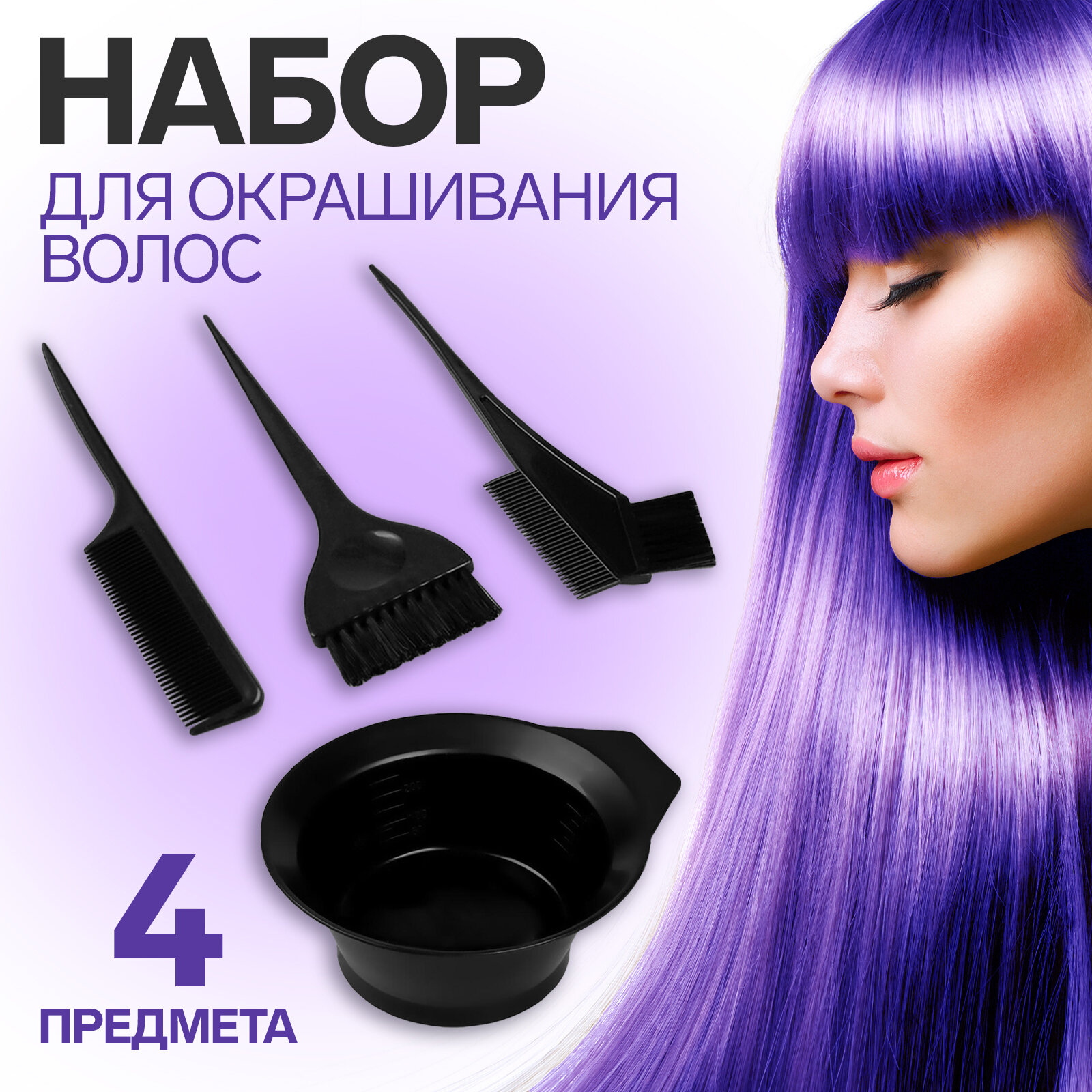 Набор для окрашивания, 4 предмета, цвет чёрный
* * *
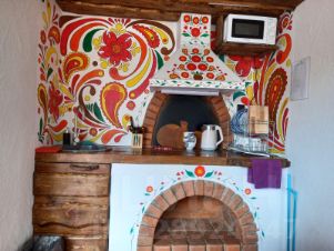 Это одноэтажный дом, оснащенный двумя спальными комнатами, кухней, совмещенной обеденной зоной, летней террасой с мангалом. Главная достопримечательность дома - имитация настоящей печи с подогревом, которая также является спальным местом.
...
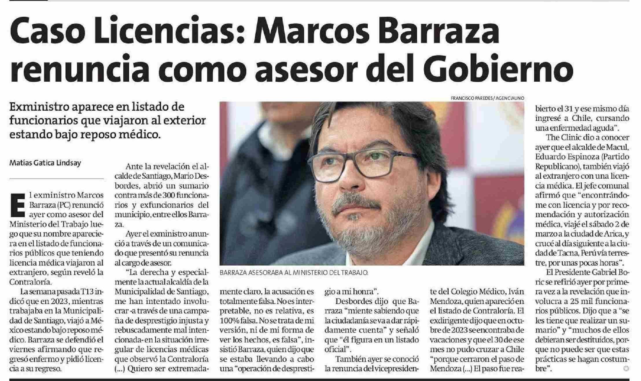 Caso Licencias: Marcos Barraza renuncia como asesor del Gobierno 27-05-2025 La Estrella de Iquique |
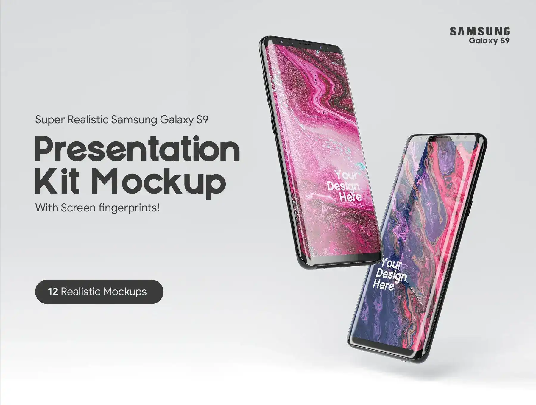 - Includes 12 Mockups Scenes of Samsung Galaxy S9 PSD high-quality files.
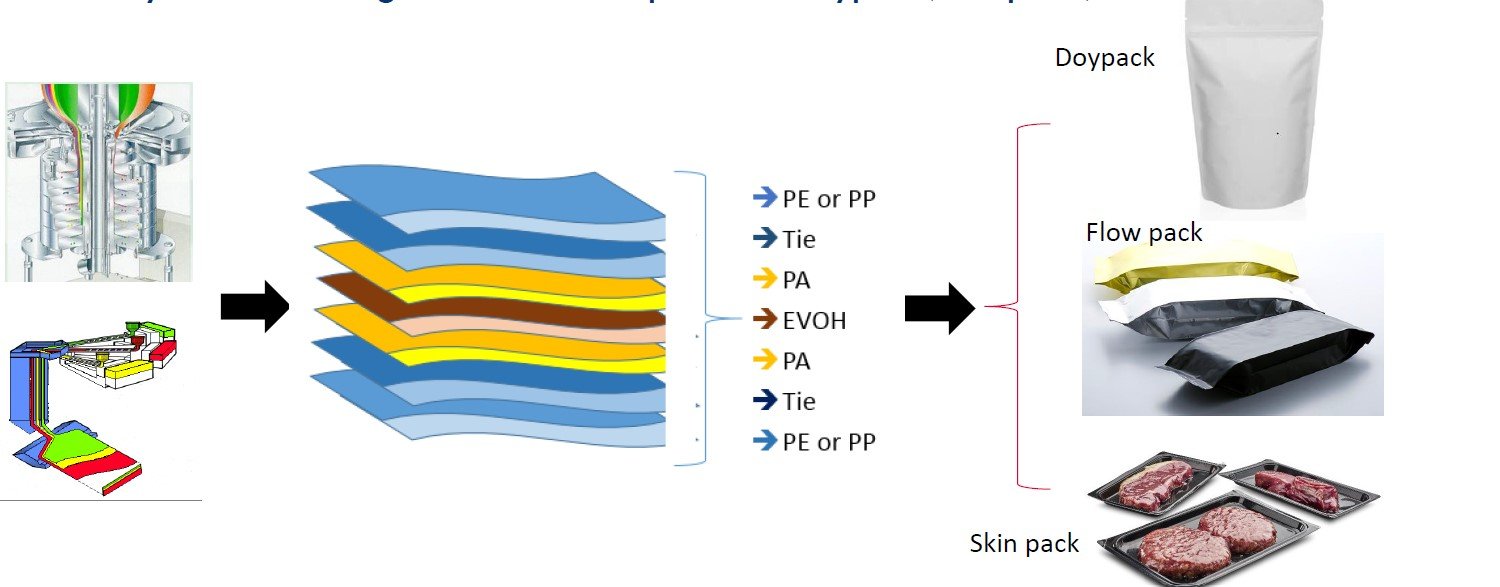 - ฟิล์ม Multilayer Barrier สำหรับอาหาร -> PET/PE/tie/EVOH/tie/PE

→ ACTIVITY
Using the data above, which lines fall from the one with "- Includes 12" through the one with "- ฟิล์ม Multilayer"? Repeat them exactly, ends included, minus any pictures.

→ RESPONSE BELOW
 - Includes 12 Mockups Scenes of Samsung Galaxy S9 PSD high-quality files.
 - ฟิล์ม Multilayer Barrier สำหรับอาหาร -> PET/PE/tie/EVOH/tie/PE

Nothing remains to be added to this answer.